Distinct antigenic specificities of alanine peptide determinants attached to protein carriers via terminal amino or carboxyl groups.

Abstract

L‐Alanine chains, serving as haptenic groups were coupled to proteins in opposite directions. There was no cross‐precipitation reaction between “anti‐amino‐alanyl” antibodies (obtained by immunization with conjugates containing alanine chains with free α‐amino groups) and “anti‐alanyl‐carboxyl” antibodies (obtained by immunization with conjugates containing alanine chains with free α‐carboxyl groups). The properties of the combining sites of these antibodies were evaluated by means of the hapten‐inihibtion method. For the inhibition of the precipitin reaction, series of free peptides and peptide derivatives (blocked in th amino or carboxyl function) composed of L‐ and D‐alanine residues were employed. The results led to the conclusion that the overall properties of the combining sites in both systems, but not their specificity, were quite similar. The size of the combining site of “anti‐amino‐alanyl” antibodies is such as to accommodate a tripeptide, whereas that of “anti‐analy‐carboxyl” antibodies is such as to accommodate tri‐to a tetrapeptide.

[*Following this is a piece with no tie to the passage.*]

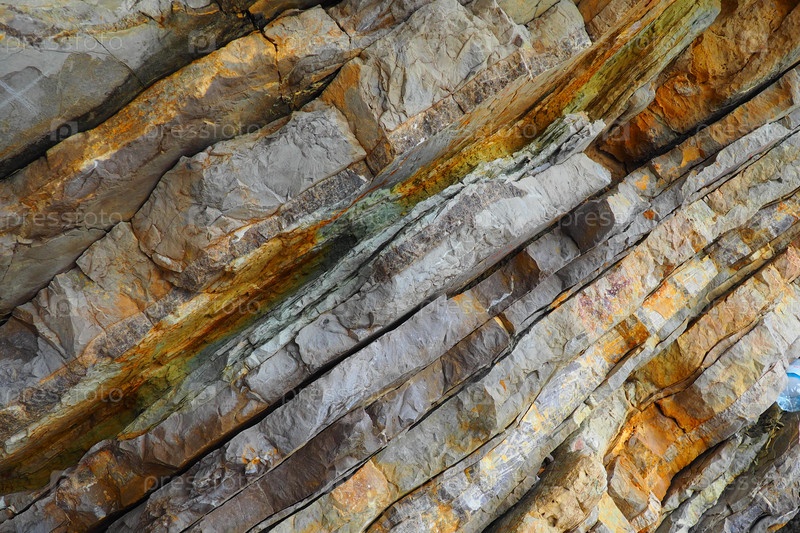 Скала из морских осадочных пород, имеющих преимущественно обломочное происхождение и характеризующихся чередованием нескольких литологических слоев. Балканы Черногория Герцег-Нови Мельине

In both systems the most exposed portion of the antigeic determinant is immunodominant. Thus, “anti‐amino‐alanyl” antibodies bind very poorly peptides in which the amino terminal end was altered (e.g., by replacing the N‐terminal L‐alanine residue by a D‐residue, or by N‐acetylation), but will combine very effectively with amides of L‐alanine peptides. Correspondingly, “anti‐alanyl‐carboxyl” antibodies react very poorly with alanine peptides in which the aminio terminal end was altered, e.g., they do not bind amides of L‐alanine peptides. Both types of antibodies can react with free L‐alanine peptides, but in their combining sites these peptides are probably bond in oppoiste direction. Thus, antibodies with distinctly different specificities can be elicited against L‐alanine peptide determinants, depending on their mode of attachment in the immunogen.It is also shown that more precise information on the combining sites is obtained by comparing pairs of haptens of equal size which differ from one another in a particular feature, rather than from studying the effect of elongation in a homologous series of haptens.